Like it or not, most Biglaw associates have returned to the office, with 90% of AmLaw 100 firms now encouraging or requiring a specific number of days per week of in-person work. In an environment where “work from anywhere” is no longer viable for most lawyers, and where inflation remains high, cost of living in the market where your office is located has become more important than ever.
Cost of living and salaries are closely connected in many industries. Some legal sector jobs exhibit that correlation. Consider as an example a federal judicial clerk with one year of practice experience and bar passage (i.e., paid at the Grade 12, Step 1 of the Judicial Salary Plan scale). Because federal judicial pay rates are adjusted based on cost of living, that clerk would be paid $102,489 in San Francisco versus $89,848 in Dallas.
In Biglaw, however, cost of living is largely irrelevant to salary scales. Top firms pay associates the “New York” rate in several “major” markets, including the Bay Area, Los Angeles, Chicago, Houston, Dallas, Boston, and DC. From a cost of living perspective, paying New York salaries in San Francisco makes sense. In Houston or Chicago? Not so much.
It’s good to be a Houston Biglaw associate
A November 2021 NALP analysis of median private practice first-year associate salaries relative to cost of living found stark differences in associate buying power.
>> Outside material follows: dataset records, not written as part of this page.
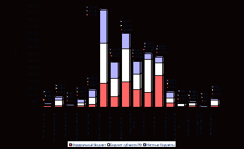 Поступления налога на прибыль организаций за 2004 г. сложились следующим образом. В целом по округу указанный налог поступил в размере 102,6 млрд руб., что составило 27,3 % от общего объема поступлений в консолидированный бюджет Российской Федерации на территории СФО. При чем в федеральный бюджет поступило – 23,6 млрд. руб. (на 50,4 % больше, чем в 2003 г.), в консолидированный бюджет субъектов федерации – 79,0 млрд руб. (на 134,7 % больше, чем по итогам предыдущего года), из них в доходы местных бюджетов – 20,7 млрд. руб. (прирост составил 52,6 %). Наибольшие суммы поступлений налога на прибыль зафиксированы в Красноярском крае и Омской области – 27,0 млрд. руб. и 20,7 млрд. руб. соответственно. Среди 16 субъектов федерации, входящих в округ, снижение объема поступлений по сравнению с 2003 г. наблюдается в Читинской области (на 29,3 %) и Республике Алтай (на 26,4 %). Наибольшие темпы роста поступлений налога на прибыль отмечены в Омской (495,7 %) и Кемеровской (343,4 %) областях.
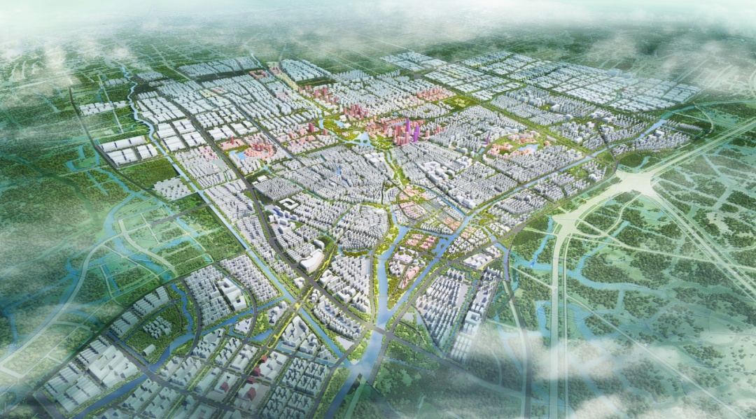 “水”为青浦新城最突出的文化标志,建立生态自然与人行动线交叠的“水陆双棋盘”总体空间肌理。将蓝绿生态空间、交通网络、城市功能叠合,聚焦复兴多处城市特色文化片区,在风貌上充分演绎“高颜值、最江南、创新核”的青浦“江南风”城市意象。
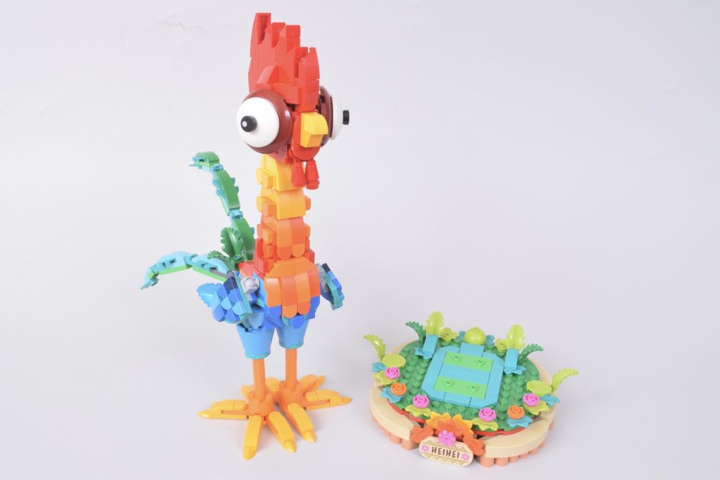 43272 Heihei hat ein Gesicht, das vielleicht nur eine Mutter lieben könnte, mit einem Blick, der direkt in Ihre Seele zu blicken scheint. Er ist jedoch mehr als nur sein starrer Blick, denn über 500 Teile stecken in seinen mehrschichtigen Regenbogenfedern und seinem Rahmen. Er wird mit seinem eigenen blumenbedeckten Ausstellungsständer geliefert und ist bereit, in Ihr LEGO Sammlung – aber ist das LEGO Disney ist es das Set, das es wert ist, gekauft zu werden?
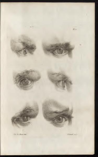 The image has sketches of six different eyes, with artist credits below. It illustrates detailed studies for understanding human expression, showing work by Le Brun and Denisot. This page is likely a part of a broader educational resource on drawing.
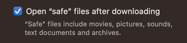 当在 Safari 中下载文件时,如果是“安全”文件,它将 自动打开。例如,如果您 下载一个 zip 文件,它将自动解压缩:
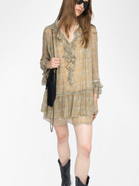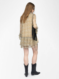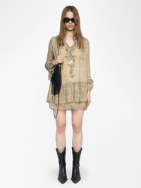 Short ruffled dress in printed chiffon with golden stripes, long sleeves. Description & details - Short chiffon dress - Printed with golden stripes - Deep neckline - Long sleeves - Fluid cut Model is 180 cm / 5' 10" and is wearing a size S This item fits true to size. Choose your usual size. Composition 97% Viscose** 3% Metallic fiber Care - Hand-wash or machine-wash inside out in a mesh laundry bag on a 20°C delicate cycle with a maximum spin speed of 400 rpm - Air dry flat - Iron inside out at a maximum of 110°C Product code: WWDR02541_CLOUD
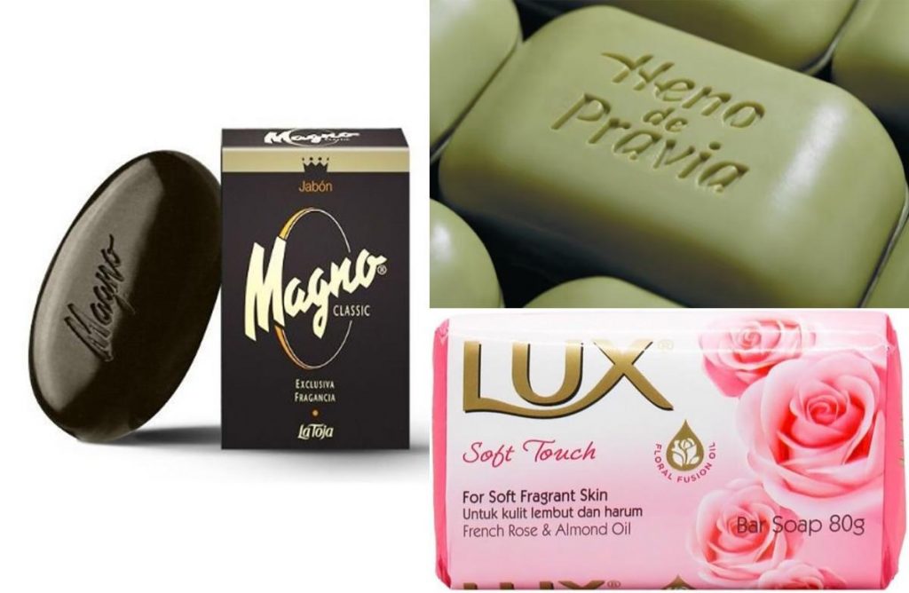 Tampoco nos podemos olvidar de esos jabones que todos, a lo largo de los años, alguna vez hemos usado, entre ellos: La Toja, Lux o aquel Heno de Pravia con su aroma inconfundible, suave pero profundo.
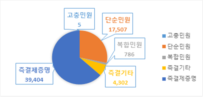 2023년 3월 고양시에 접수된 민원은 총 62,004건으로, 즉결제증명 39,404건, 단순민원 17,507건, 복합민원 786건, 즉결기타 4,302건, 고충민원은 5건으로 집계됐다.

NALP calculated that Houston and Dallas first-year associates each enjoyed more than double the buying power of their New York counterparts.
NALP’s calculations may actually understate the advantage enjoyed by Houston and Dallas associates because NALP considered only the relative cost of goods and services. But Houston and Dallas don’t just offer lower prices, they also feature no state income tax. For highly paid Biglaw associates, tax savings can make a significant difference in enabling fast wealth accumulation.
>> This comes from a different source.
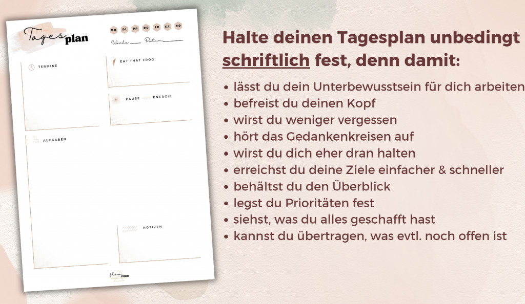 Klar, dauert es vielleicht ein paar Minuten den Tagesplan zu erstellen. Aber das ist es absolut wert für die Klarheit sowie den Boost an Motivation und Produktivität und nicht zuletzt das gute Gefühl am Ende des Tages 🙂
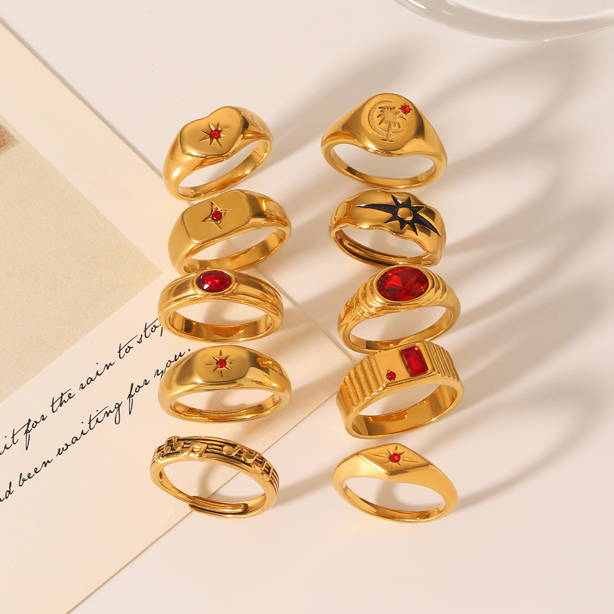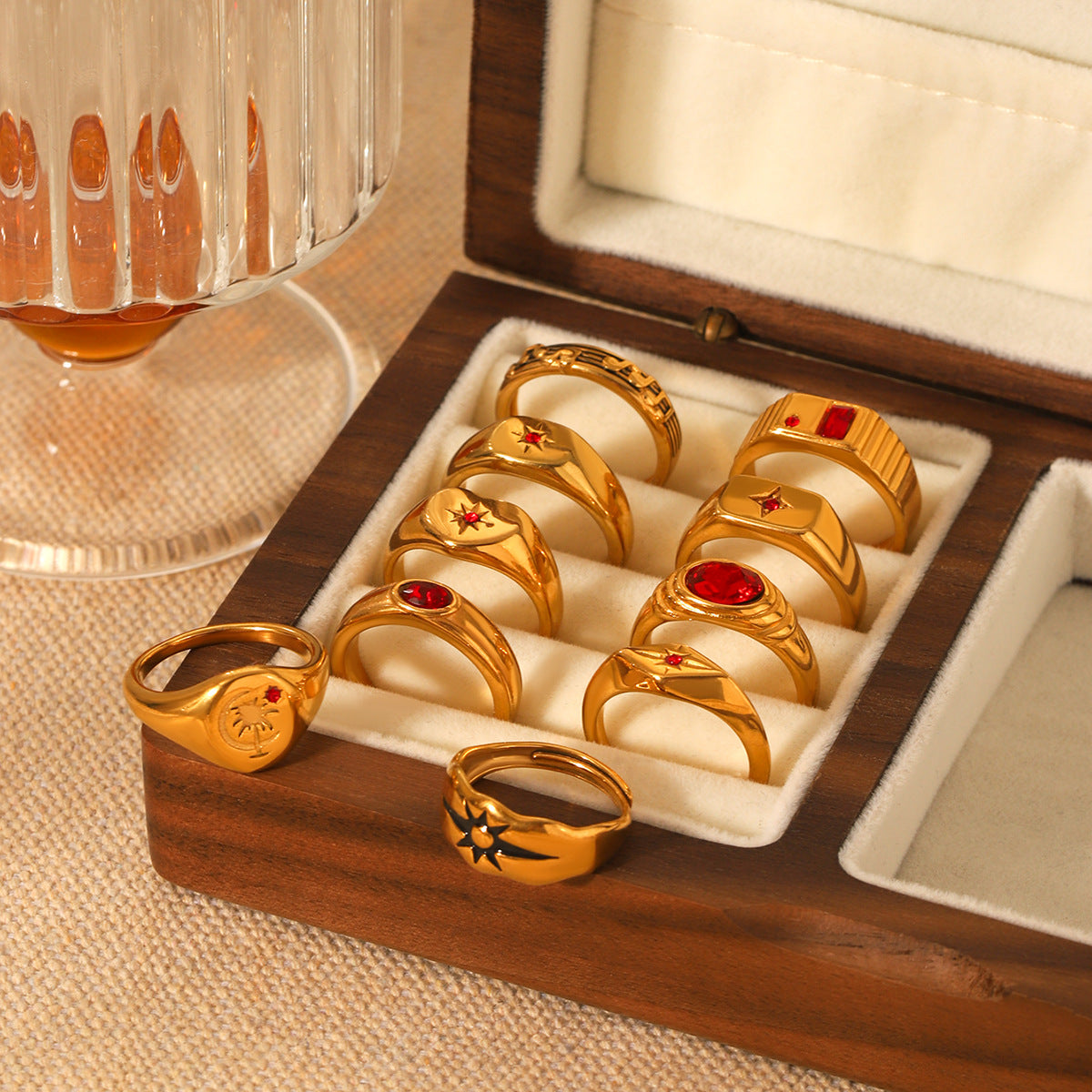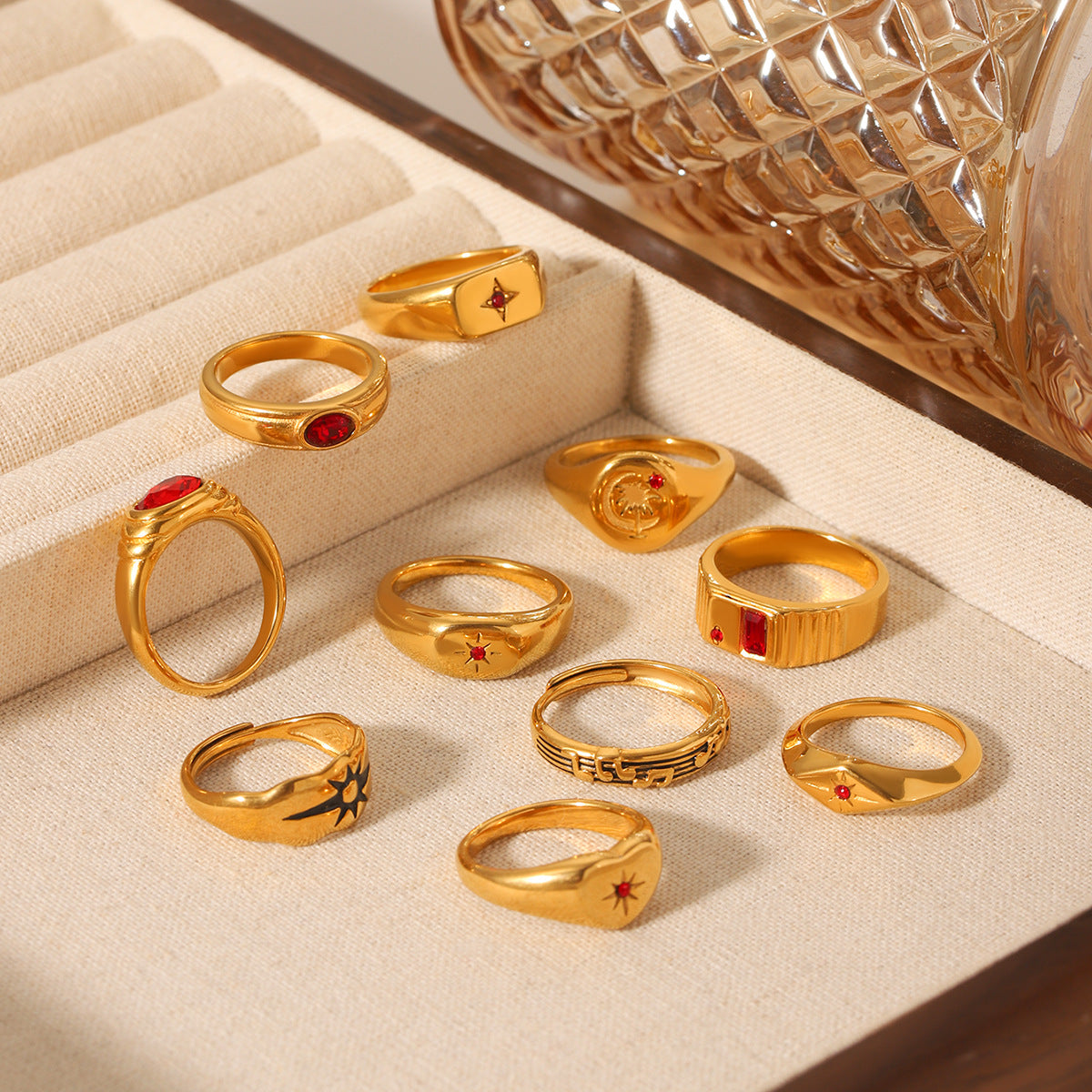 Stainless Steel Diamond-encrusted Ring, Titanium Steel, Non-fading, Eight-pointed Star Design, Women's Temperament, Versatile Jewelry

|Buying power index (NYC = 1.0)
|Marginal state + local income tax rate for single first-year Biglaw associate
The NALP survey looked at private practice salaries overall, rather than Biglaw salaries exclusively. If the analysis had been limited to Biglaw offices, the results would surely have been somewhat different. But the broader point is unassailable: associate salaries are poorly correlated with cost of living.
Billing rates are a key driver
If cost of living isn’t driving associate salaries, what is? In short, billing rates. Houston and Chicago may not be high-cost cities, but they have plenty of clients willing to pay firms top-dollar rates. Viewed from that lens, paying top salaries in these markets seems fair: associates are being compensated for the value they create. Over time, as clients become more accustomed to the notion of top legal talent being based in regional cities, we expect to see more lawyers being paid New York rates in cities across the country, especially with Biglaw firms expanding aggressively in secondary markets. That’s not to say that median associate salaries in secondary cities will rival the New York level. But for lawyers with top-flight credentials, geographic arbitrage may become increasingly possible and alluring.
If you’re a New York or Bay Area associate tired of putting up with relatively low buying power, you may wish to consider a lateral move to Texas, Chicago or Atlanta. If working from the beach in Mexico is no longer in the cards, at least consider the wealth accumulation potential of a lower cost city where firms pay New York rates!